_Activity_
Among the lines below, keep only those from the one containing "Salon de jardin" through the one containing "A sweet black", and reproduce them exactly.

_Dataset extract_

--------------------

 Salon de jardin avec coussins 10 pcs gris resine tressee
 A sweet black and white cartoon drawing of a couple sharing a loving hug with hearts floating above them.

--------------------

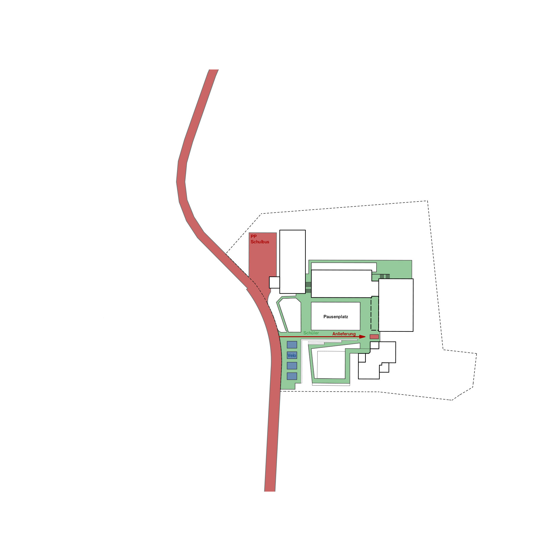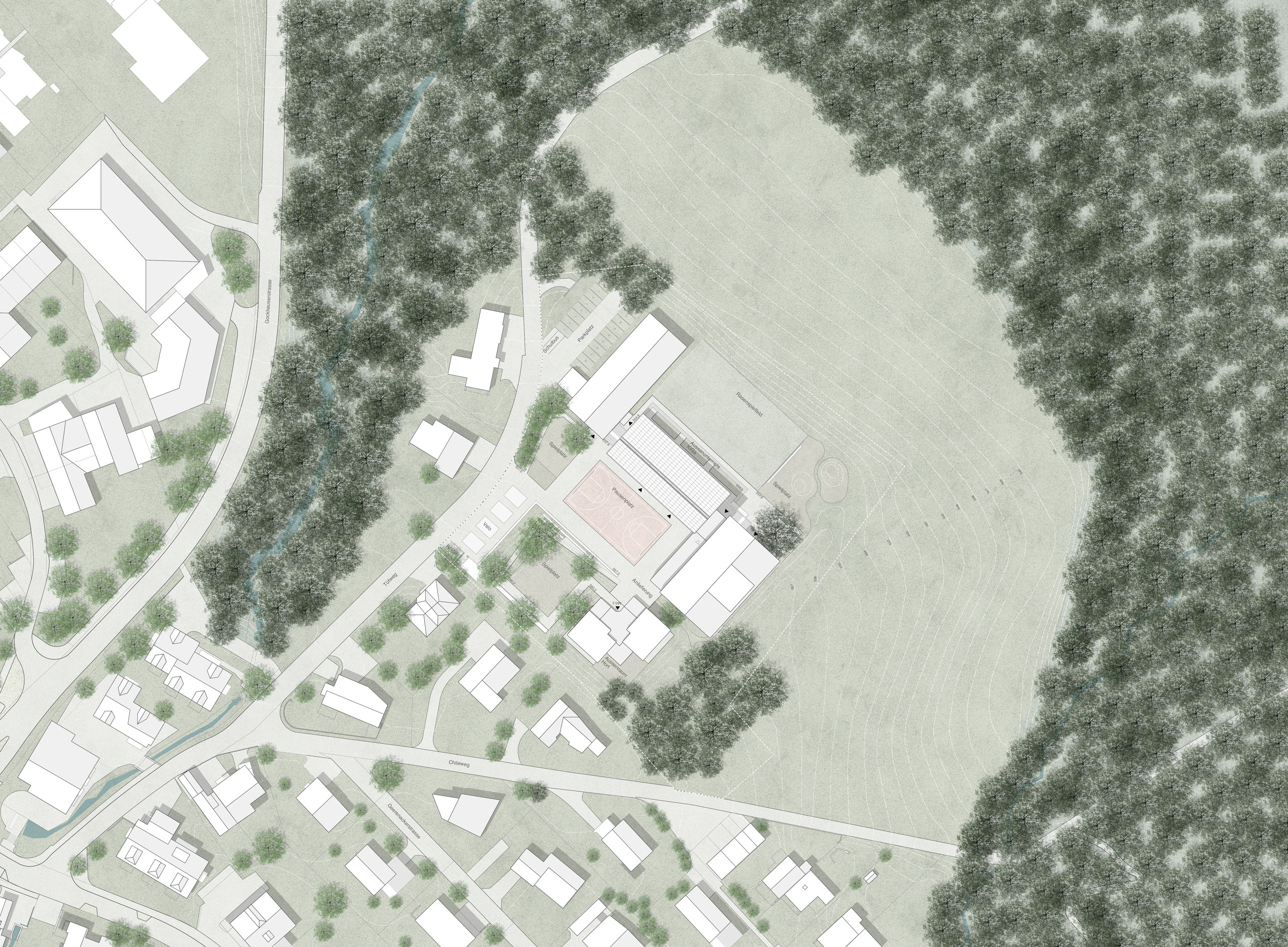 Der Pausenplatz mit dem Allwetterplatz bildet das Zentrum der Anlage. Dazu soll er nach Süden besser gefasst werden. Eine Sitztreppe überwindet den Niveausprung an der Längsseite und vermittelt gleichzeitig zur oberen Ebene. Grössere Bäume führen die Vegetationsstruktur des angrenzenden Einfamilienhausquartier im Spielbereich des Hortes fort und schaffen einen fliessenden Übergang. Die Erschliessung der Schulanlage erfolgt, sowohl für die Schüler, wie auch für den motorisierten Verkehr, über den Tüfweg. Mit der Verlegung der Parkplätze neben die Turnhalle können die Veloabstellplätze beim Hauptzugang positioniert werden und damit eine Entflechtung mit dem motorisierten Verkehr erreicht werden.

--------------------

_Written reply_
 Salon de jardin avec coussins 10 pcs gris resine tressee
 A sweet black and white cartoon drawing of a couple sharing a loving hug with hearts floating above them.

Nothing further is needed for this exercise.